# Wish List FIsh



## xcooperx (Jun 24, 2006)

whats your wish list fish, for your planted tank????


----------



## Gilraen Took (Apr 19, 2007)

In my bigger tank I've got female bettas, neons, rasboras, livebearers of random sorts, cories and khulis.

In my smaller tank I want to get cardinal tetras, and some panda cory cats, though I really don't hold out any hope for getting pandas, since I don't want to order offline for my fish(seriously, plants are the only live things I've ever bought online that weren't decimated in the mail >.<) and no one here gets them. . . The one store that tried got a completely different species.


----------



## stepheus (Jun 13, 2006)

Easy... i got this list saved in my comp. LOL.









12 Heterandria formosa female and males.

and around 30 pcs of...








Epiplatys annulatus

or









Tanichthys micagemma

or









I bought some Boraras urophthalmoides and found out that they are different from these! Boraras merah

lastly...hope i m not too greedy...








Sundadanio axelrodi

So when issit coming santa? Hehe


----------



## ed seeley (Dec 1, 2006)

What a great question!!!

There's one species I'm after and that's Tilapia joka, but haven't room for them at the moment even if I could find them. They're dwarf cichlids, not the huge lawn-mower tilapias!
http://burnel.club.fr/Victo/Tjoka.jpg

The other thing I was after was some lampeyes after seeing some in a LFS and kicking myself for not buying them, so I've ordered some eggs off Aquabid and have some of these, 
http://www.aquabid.com/cgi-bin/auction/closed.cgi?view_closed_item&fwkillifishe1181528963 coming soon! I just love the bright reflective eyes, which aren't very clear in the above picture, but should look great in a dimly lit planted tank.

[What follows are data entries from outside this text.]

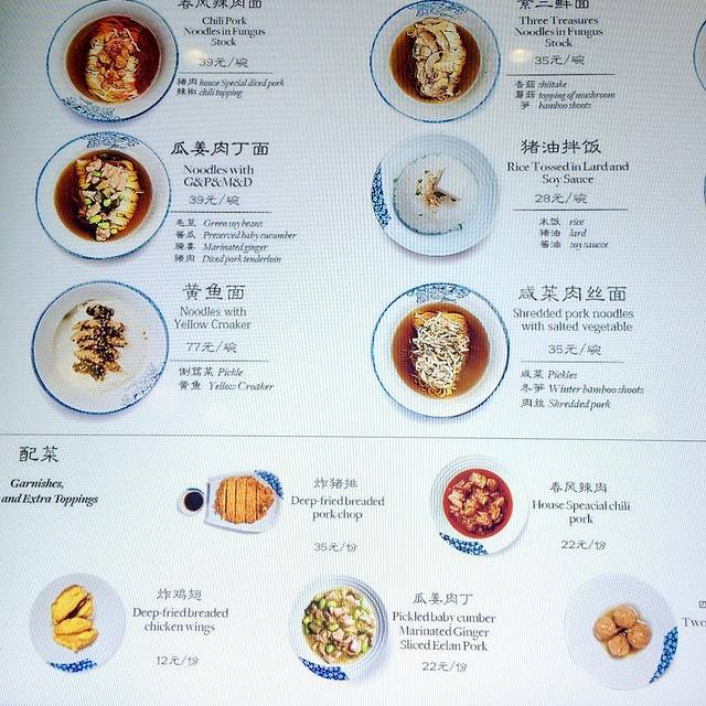 墙上的菜单,黄鱼面下次来试试^_^这次吃葱油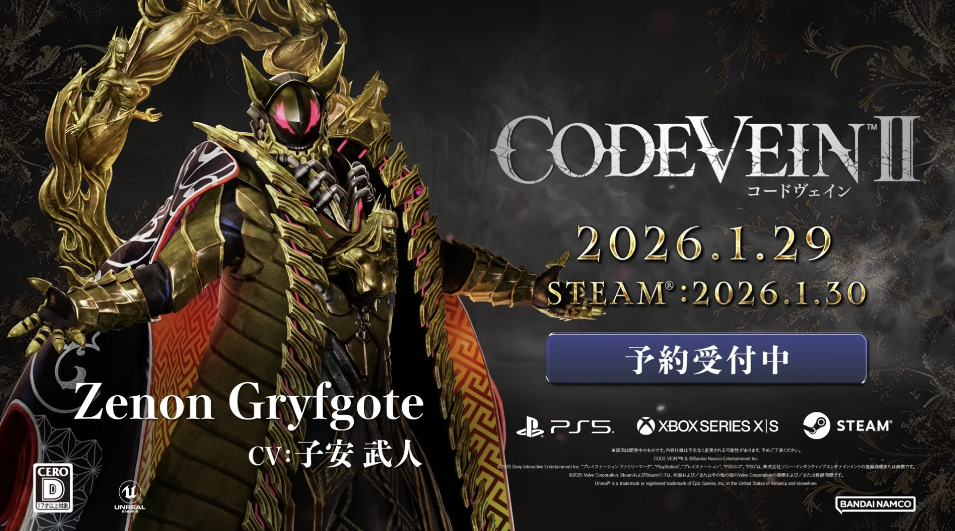 バンダイナムコエンターテインメントは、アクションRPG『コードヴェイン2(CODE VEIN II)』に登場する新キャラクター「ゼノン・グリフゴート(CV:子安 武人さん)」の最新映像を公開した。
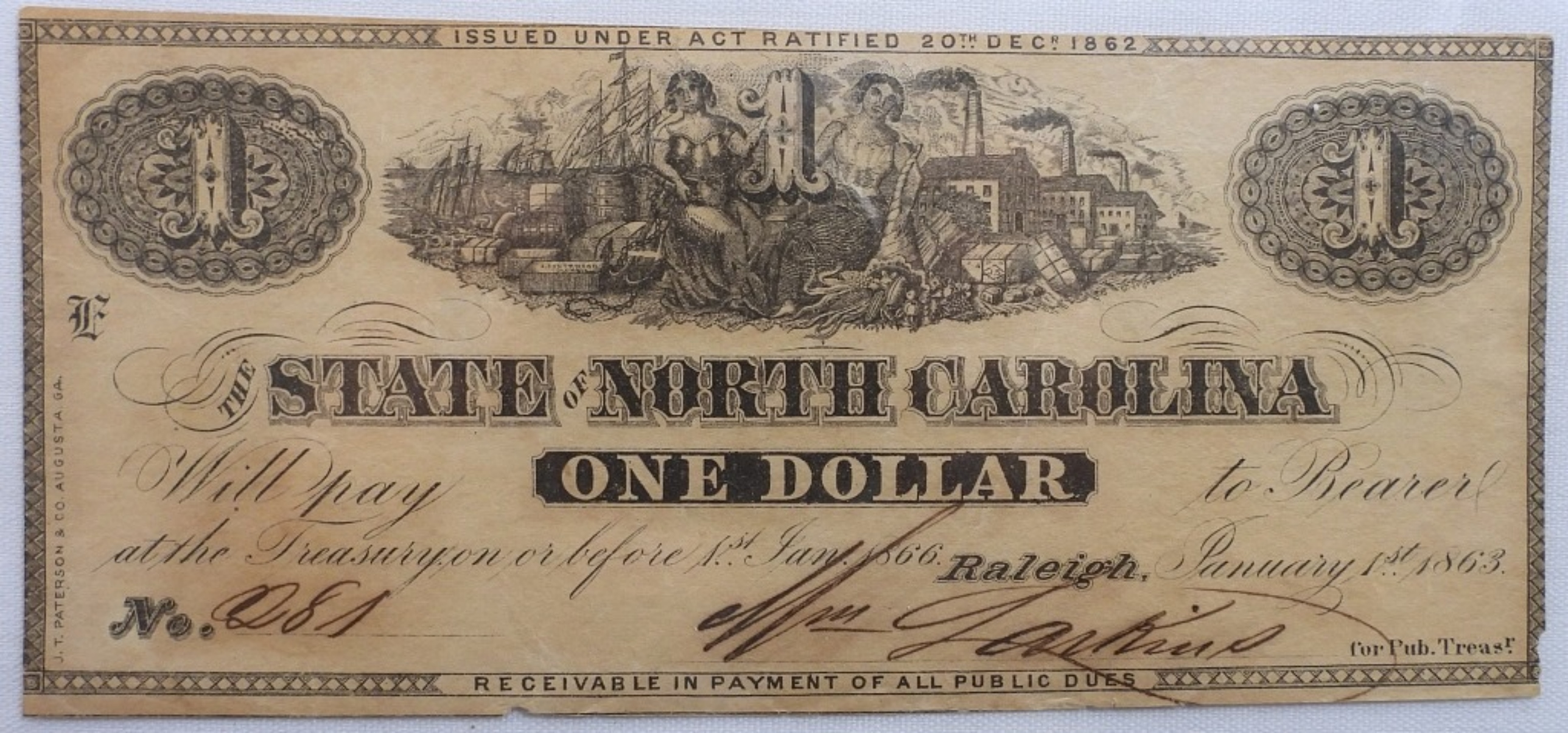 The State of North Carolina $1 Bill – Raleigh 1863. No 281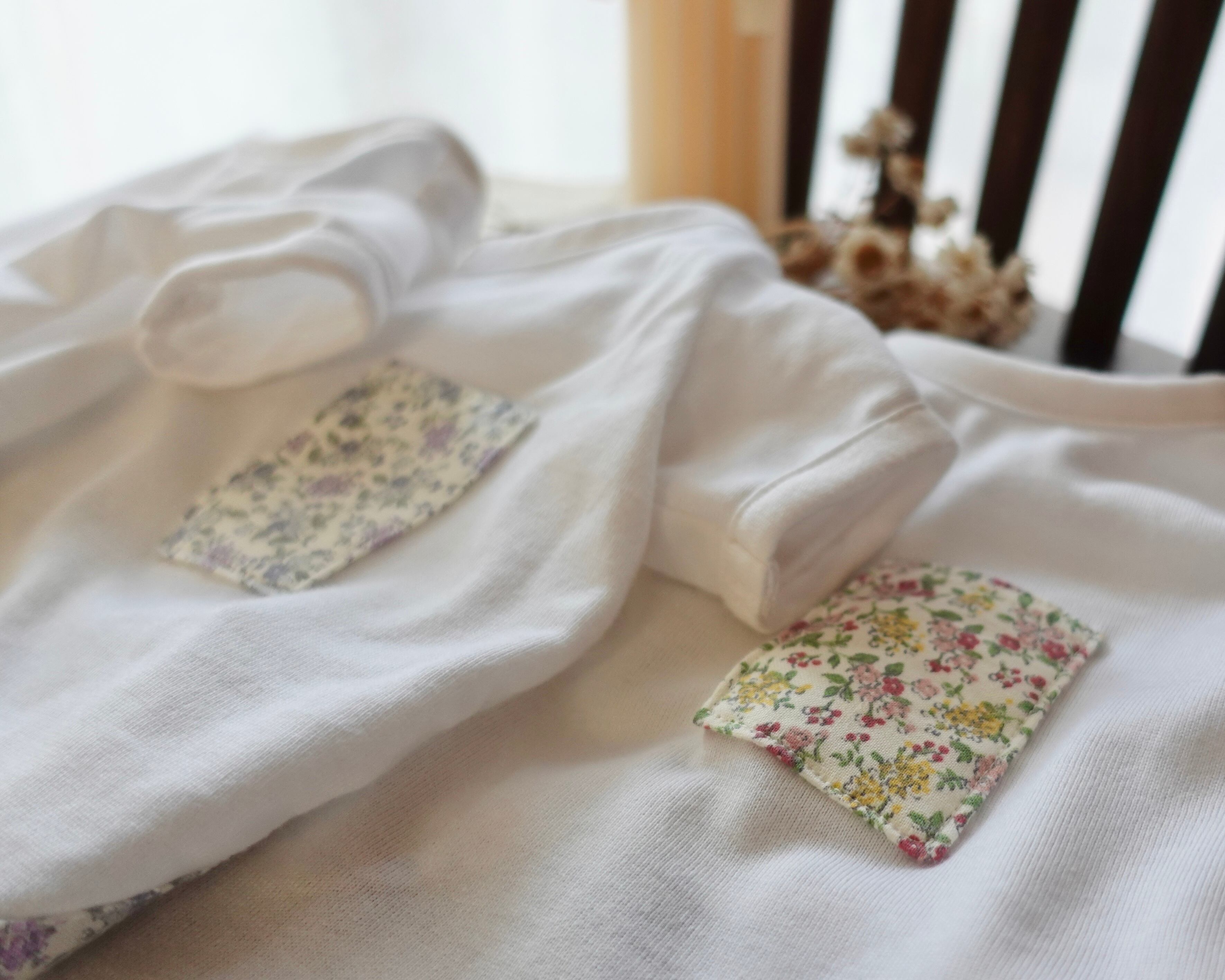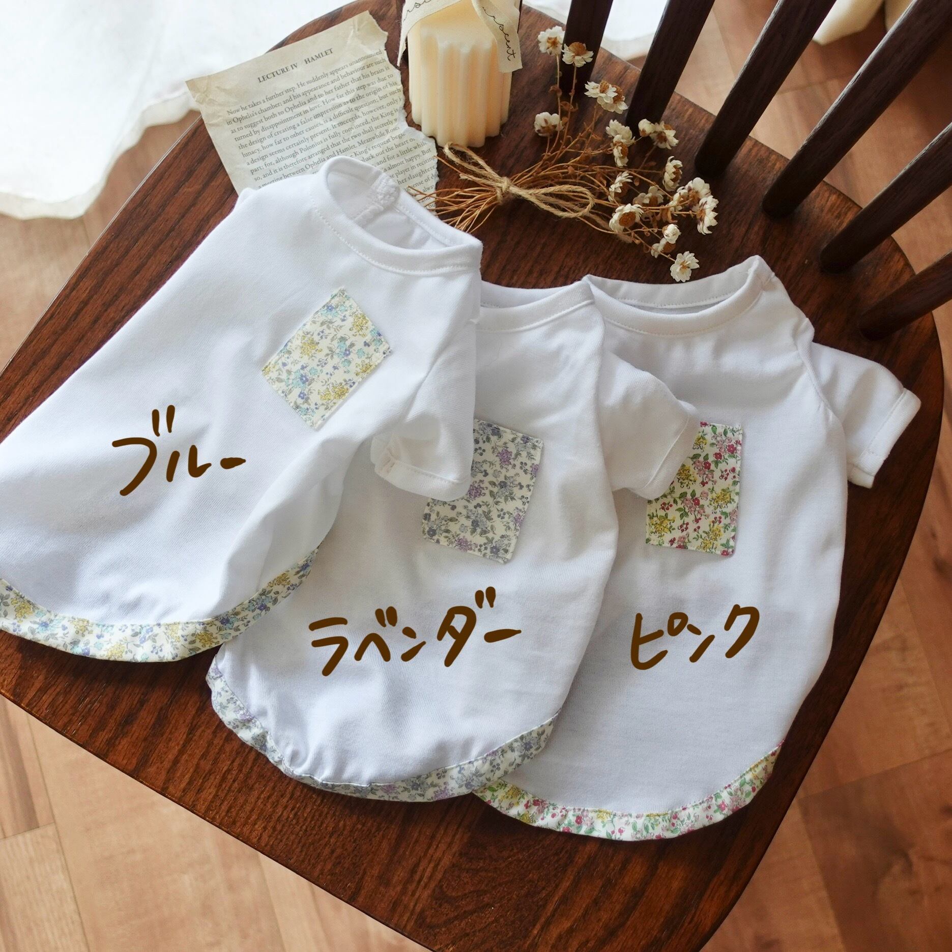 ポケットと裾に小花柄をあしらったコットン100%のTシャツです。

Edit: BTW does anyone have any knowledge on this killi? I can find loads on other Lampeyes, but nothing at all on this type.


----------



## trenac (Jul 16, 2004)

I would like to try my hand at Discus oneday or a tank full of the micro/nano fish.


----------



## erijnal (Apr 5, 2006)

Zebra/tiger otos, Sundanio axelrodi, Nannostomus mortenthaleri (coral red pencilfish), Corydoras aeneus "Black"


----------



## K20A2 (Aug 12, 2006)

My wish list, and hopefully soon to be a reality after I get my house situation settled is..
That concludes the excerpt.